## EXERCISE REQUIREMENTS
Although the entries contain pictures, copy only their text, exactly as written.

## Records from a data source
== Segment start ==
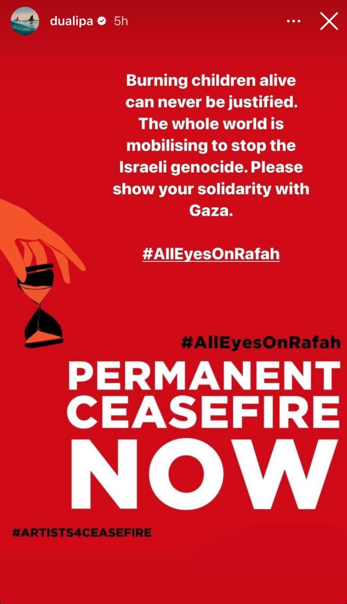 In October, Dua Lipa was one of many artists to sign an open letter urging President Joe Biden to call for a ceasefire in Gaza. She expounded on her political stance in her Rolling Stone cover in February, and today she posted a message on her Instagram Story advocating for an end to Israel's ongoing genocide of Palestinian people.
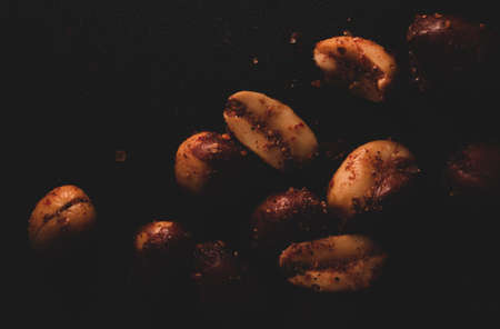 Roasted peeled peanuts closeup, salty beer snack on dark background
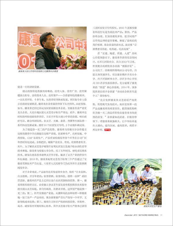 候普传媒《直销》杂志2015年12月刊总130期报道康美来公司。
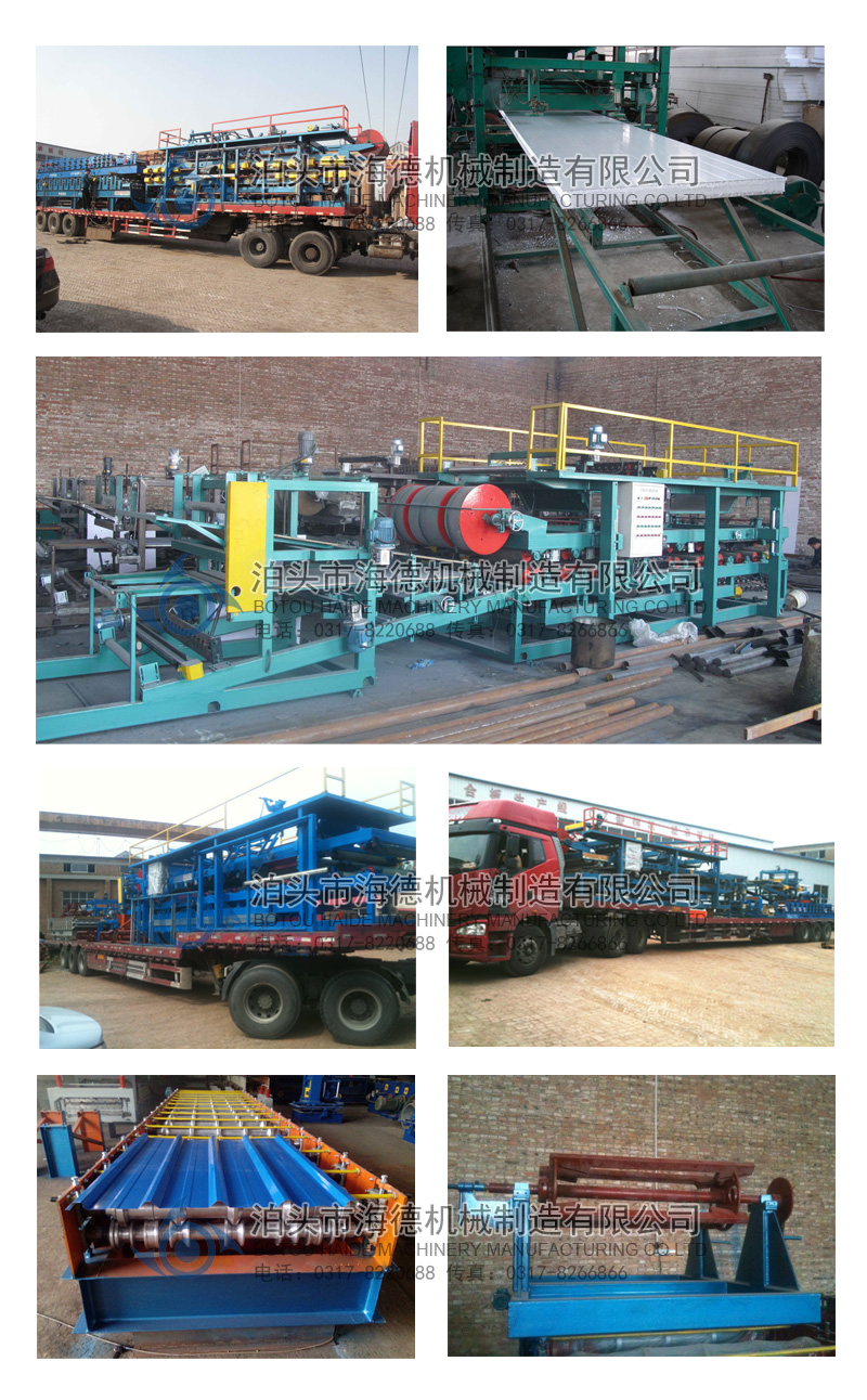 全套流水線放料機構(gòu)、壓型機構(gòu)(壓筋、涂膠、加溫、復合、卷邊、開槽、整邊、氣動、自動切割)組成,是生產(chǎn)工業(yè)廠房、倉庫等屋面板和墻板不可缺少的設備。
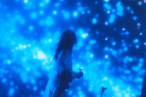 場内を彩る美しいライティングや、ダイナミックなカメラワークなど巨大モニターを用いた映像演出が目を引いた本公演。その中でぼんやりと灯る照明のもと披露された「若者たち」もハイライトの1つだったと言えるだろう。音楽ナタリーが昨年行った最新アルバム「12 hugs (like butterflies)」のインタビューで、河西ゆりか(B)は「大きなステージに立っても初心を忘れないように、羊文学としての柱をしっかり立てたい」と本公演に臨む心境を語っており、インディーズ期の楽曲である「若者たち」をこの大舞台で3人だけでじっくりと演奏する姿からは、河西の言うバンドの“初心”を十分に感じ取ることができた。
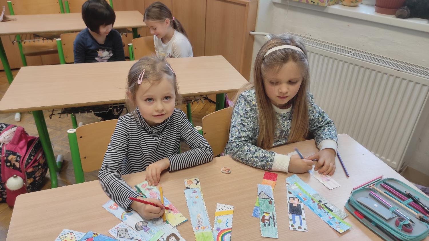 Naše děti už vědí z předcházejících ročníků, že mají za úkol vyrobit záložku do knihy pro kamaráda z partnerské školy na Slovensku.
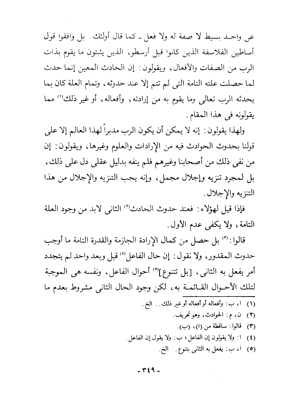 عَنْ وَاحِدٍ بَسِيطٍ لَا صِفَةَ لَهُ وَلَا فِعْلَ كَمَا قَالَ أُولَئِكَ، بَلْ وَافَقُوا قَوْلَ أَسَاطِينِ الْفَلَاسِفَةِ الَّذِينَ كَانُوا قَبْلَ أَرِسْطُو الَّذِينَ يُثْبِتُونَ مَا يَقُومُ بِذَاتِ الرَّبِّ مِنَ الصِّفَاتِ وَالْأَفْعَالِ، وَيَقُولُونَ: إِنَّ الْحَادِثَ الْمُعَيَّنَ إِنَّمَا حَدَثَ لَمَّا حَصَلَتْ عِلَّتُهُ التَّامَّةُ الَّتِي لَمْ تَتِمَّ إِلَّا عِنْدَ حُدُوثِهِ، وَتَمَامُ الْعِلَّةِ كَانَ بِمَا يُحْدِثُهُ الرَّبُّ تَعَالَى وَمَا يَقُومُ بِهِ مِنْ إِرَادَتِهِ وَأَفْعَالِهِ، أَوْ غَيْرِ ذَلِكَ (¬1) مِمَّا يَقُولُونَهُ فِي هَذَا الْمَقَامِ.
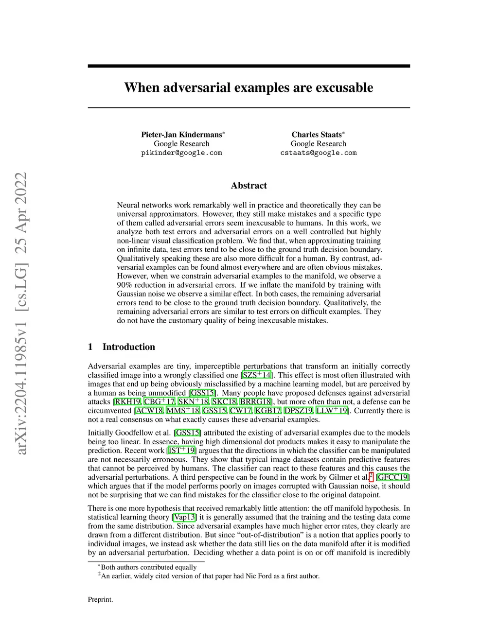 Neural networks work remarkably well in practice and theoretically they can be universal approximators. However, they still make mistakes and a specific type of them called adversarial errors seem inexcusable to humans. In this work, we analyze both test errors and adversarial errors on a well controlled but highly non-linear visual classification problem. We find that, when approximating training on infinite data, test errors tend to be close to the ground truth decision boundary. Qualitatively speaking these are also more difficult for a human. By contrast, adversarial examples can be found almost everywhere and are often obvious mistakes. However, when we constrain adversarial examples to the manifold, we observe a 90\% reduction in adversarial errors. If we inflate the manifold by training with Gaussian noise we observe a similar effect. In both cases, the remaining adversarial errors tend to be close to the ground truth decision boundary. Qualitatively, the remaining adversarial errors are similar to test errors on difficult examples. They do not have the customary quality of being inexcusable mistakes.
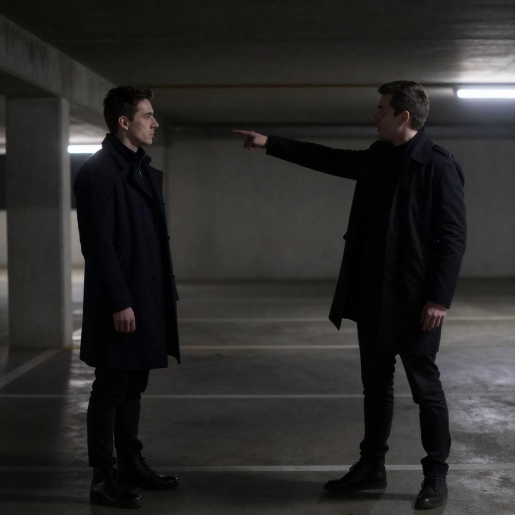 Two men in dark clothing stand in a dimly lit underground parking garage. The man on the right extends his arm, pointing his finger at the man on the left. Concrete pillars and a concrete ceiling frame the background. The man on the left is in a long coat, while the man on the right is in a shorter coat. Both figures are in shadow, with only their silhouettes and pointing gesture clearly visible.
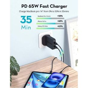 Experience blazing-fast charging with the RAVPower RP-PC1079, a high-performance wall charger equipped with advanced GaN technology. Designed for convenience and efficiency, this compact and foldable charger delivers up to 65W of total power through its dual USB-C ports, making it perfect for charging smartphones, tablets, and even laptops.
== Segment end ==
## ANSWER SECTION
 In October, Dua Lipa was one of many artists to sign an open letter urging President Joe Biden to call for a ceasefire in Gaza. She expounded on her political stance in her Rolling Stone cover in February, and today she posted a message on her Instagram Story advocating for an end to Israel's ongoing genocide of Palestinian people.
 Roasted peeled peanuts closeup, salty beer snack on dark background
 候普传媒《直销》杂志2015年12月刊总130期报道康美来公司。
 全套流水線放料機構(gòu)、壓型機構(gòu)(壓筋、涂膠、加溫、復合、卷邊、開槽、整邊、氣動、自動切割)組成,是生產(chǎn)工業(yè)廠房、倉庫等屋面板和墻板不可缺少的設備。
 場内を彩る美しいライティングや、ダイナミックなカメラワークなど巨大モニターを用いた映像演出が目を引いた本公演。その中でぼんやりと灯る照明のもと披露された「若者たち」もハイライトの1つだったと言えるだろう。音楽ナタリーが昨年行った最新アルバム「12 hugs (like butterflies)」のインタビューで、河西ゆりか(B)は「大きなステージに立っても初心を忘れないように、羊文学としての柱をしっかり立てたい」と本公演に臨む心境を語っており、インディーズ期の楽曲である「若者たち」をこの大舞台で3人だけでじっくりと演奏する姿からは、河西の言うバンドの“初心”を十分に感じ取ることができた。
 Naše děti už vědí z předcházejících ročníků, že mají za úkol vyrobit záložku do knihy pro kamaráda z partnerské školy na Slovensku.
 عَنْ وَاحِدٍ بَسِيطٍ لَا صِفَةَ لَهُ وَلَا فِعْلَ كَمَا قَالَ أُولَئِكَ، بَلْ وَافَقُوا قَوْلَ أَسَاطِينِ الْفَلَاسِفَةِ الَّذِينَ كَانُوا قَبْلَ أَرِسْطُو الَّذِينَ يُثْبِتُونَ مَا يَقُومُ بِذَاتِ الرَّبِّ مِنَ الصِّفَاتِ وَالْأَفْعَالِ، وَيَقُولُونَ: إِنَّ الْحَادِثَ الْمُعَيَّنَ إِنَّمَا حَدَثَ لَمَّا حَصَلَتْ عِلَّتُهُ التَّامَّةُ الَّتِي لَمْ تَتِمَّ إِلَّا عِنْدَ حُدُوثِهِ، وَتَمَامُ الْعِلَّةِ كَانَ بِمَا يُحْدِثُهُ الرَّبُّ تَعَالَى وَمَا يَقُومُ بِهِ مِنْ إِرَادَتِهِ وَأَفْعَالِهِ، أَوْ غَيْرِ ذَلِكَ (¬1) مِمَّا يَقُولُونَهُ فِي هَذَا الْمَقَامِ.
 Neural networks work remarkably well in practice and theoretically they can be universal approximators. However, they still make mistakes and a specific type of them called adversarial errors seem inexcusable to humans. In this work, we analyze both test errors and adversarial errors on a well controlled but highly non-linear visual classification problem. We find that, when approximating training on infinite data, test errors tend to be close to the ground truth decision boundary. Qualitatively speaking these are also more difficult for a human. By contrast, adversarial examples can be found almost everywhere and are often obvious mistakes. However, when we constrain adversarial examples to the manifold, we observe a 90\% reduction in adversarial errors. If we inflate the manifold by training with Gaussian noise we observe a similar effect. In both cases, the remaining adversarial errors tend to be close to the ground truth decision boundary. Qualitatively, the remaining adversarial errors are similar to test errors on difficult examples. They do not have the customary quality of being inexcusable mistakes.
 Two men in dark clothing stand in a dimly lit underground parking garage. The man on the right extends his arm, pointing his finger at the man on the left. Concrete pillars and a concrete ceiling frame the background. The man on the left is in a long coat, while the man on the right is in a shorter coat. Both figures are in shadow, with only their silhouettes and pointing gesture clearly visible.
 Experience blazing-fast charging with the RAVPower RP-PC1079, a high-performance wall charger equipped with advanced GaN technology. Designed for convenience and efficiency, this compact and foldable charger delivers up to 65W of total power through its dual USB-C ports, making it perfect for charging smartphones, tablets, and even laptops.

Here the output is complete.